Darrick J. Wong wrote:
[add tytso to cc since he asked about "How do you actually /get/ fsdax
mode these days?" this morning]
On Tue, Oct 25, 2022 at 10:56:19AM -0700, Darrick J. Wong wrote:
On Tue, Oct 25, 2022 at 02:26:50PM +0000, ruansy.fnst@xxxxxxxxxxx wrote:
Nope. Since the announcement of pmem as a product, I have had 15
minutes of acces to one preproduction prototype server with actual
optane DIMMs in them.
I have /never/ had access to real hardware to test any of this, so it's
all configured via libvirt to simulate pmem in qemu:
https://lore.kernel.org/linux-xfs/YzXsavOWMSuwTBEC@magnolia/
/run/mtrdisk/[gh].mem are both regular files on a tmpfs filesystem:
$ grep mtrdisk /proc/mounts
none /run/mtrdisk tmpfs rw,relatime,size=82894848k,inode64 0 0
$ ls -la /run/mtrdisk/[gh].mem
-rw-r--r-- 1 libvirt-qemu kvm 10739515392 Oct 24 18:09 /run/mtrdisk/g.mem
-rw-r--r-- 1 libvirt-qemu kvm 10739515392 Oct 24 19:28 /run/mtrdisk/h.mem
Also forgot to mention that the VM with the fake pmem attached has a
script to do:
ndctl create-namespace --mode fsdax --map dev -e namespace0.0 -f
ndctl create-namespace --mode fsdax --map dev -e namespace1.0 -f
Every time the pmem device gets recreated, because apparently that's the
only way to get S_DAX mode nowadays?
If you have noticed a change here it is due to VM configuration not
anything in the driver.
If you are interested there are two ways to get pmem declared the legacy
way that predates any of the DAX work, the kernel calls it E820_PRAM,
and the modern way by platform firmware tables like ACPI NFIT. The
assumption with E820_PRAM is that it is dealing with battery backed
NVDIMMs of small capacity. In that case the /dev/pmem device can support
DAX operation by default because the necessary memory for the 'struct
page' array for that memory is likely small.

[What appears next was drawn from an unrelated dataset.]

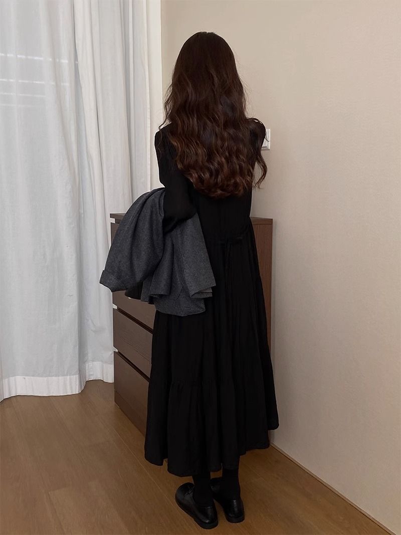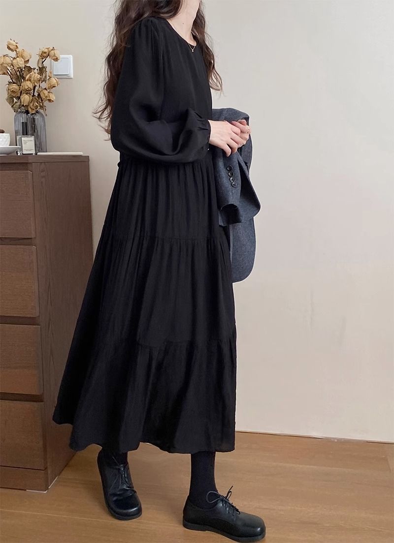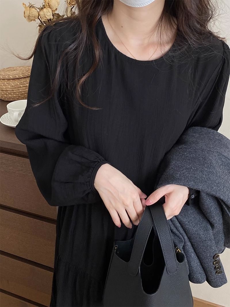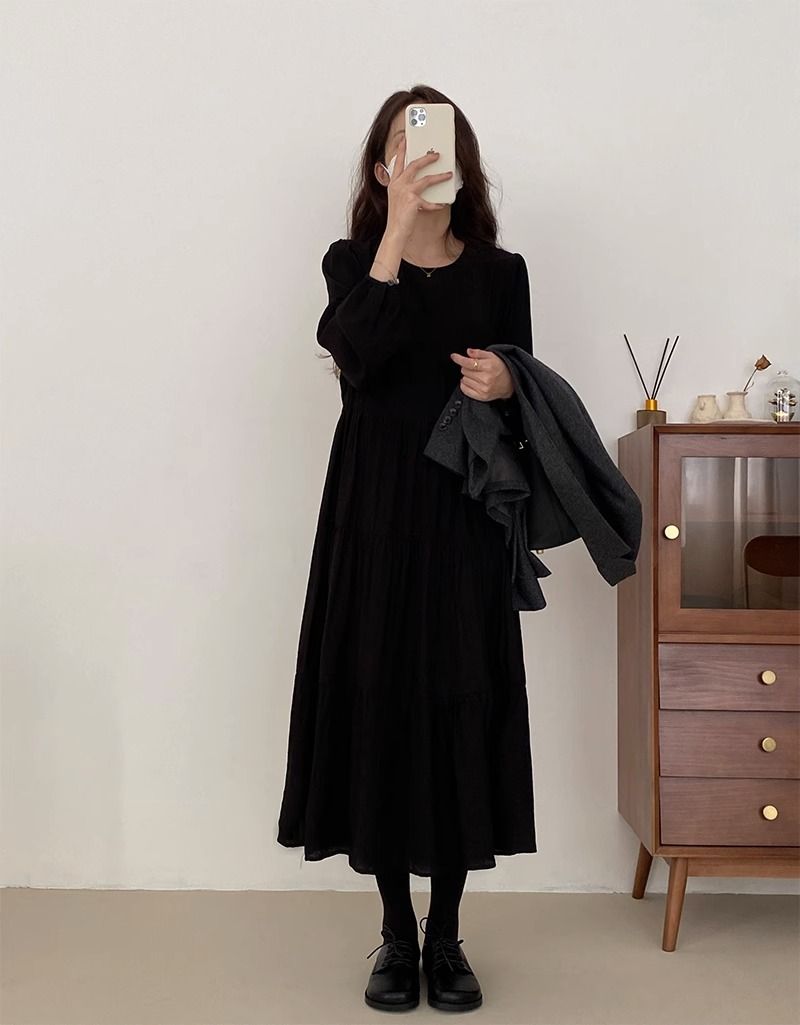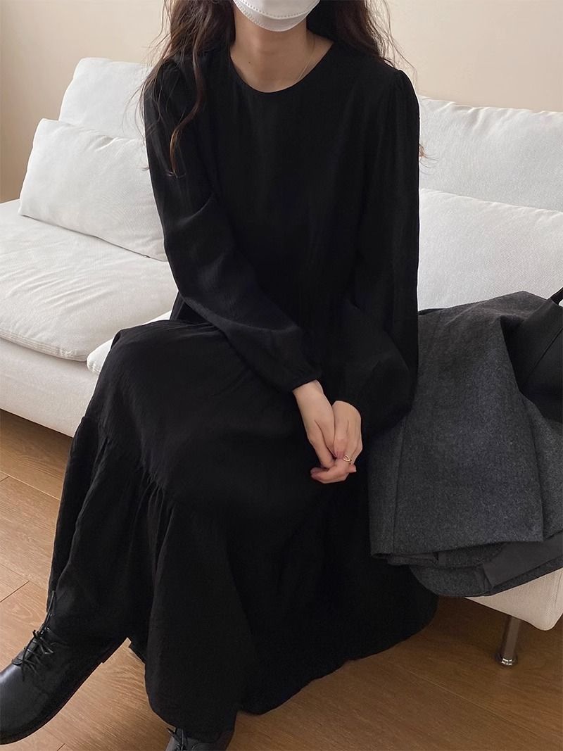 약간 뚱뚱한 mm 이른 가을 긴 소매 A 자형 원피스 여성 플러스 사이즈 300kg 느슨한 슬림 기질 스티칭 무릎 길이 스커트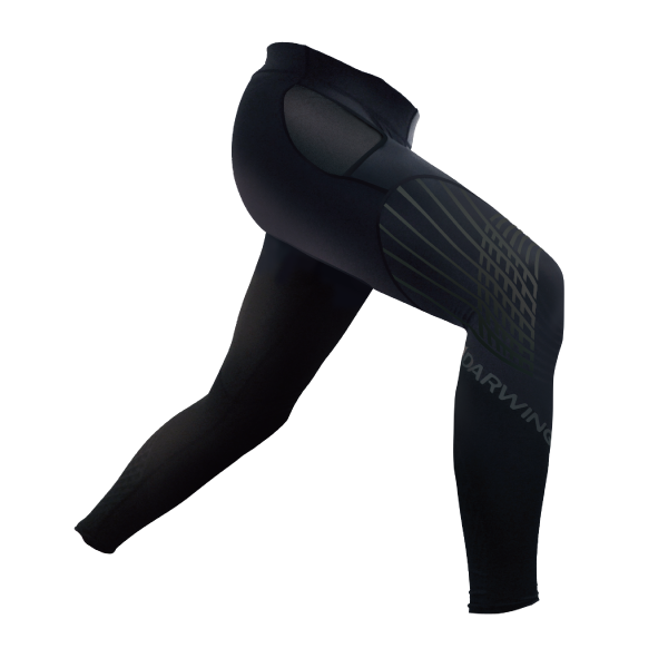 大腿前面を二層構造にすることで、表層生地のバネのような張力が脚を前方に振り出す動作をサポート。

Platform firmware defined PMEM can be terabytes. So the driver does not
enable DAX by default because the user needs to make policy choice about
burning gigabytes of DRAM for that metadata, or placing it in PMEM which
is abundant, but slower. So what I suspect might be happening is your
configuration changed from something that auto-allocated the 'struct
page' array, to something that needed those commands you list above to
explicitly opt-in to reserving some PMEM capacity for the page metadata.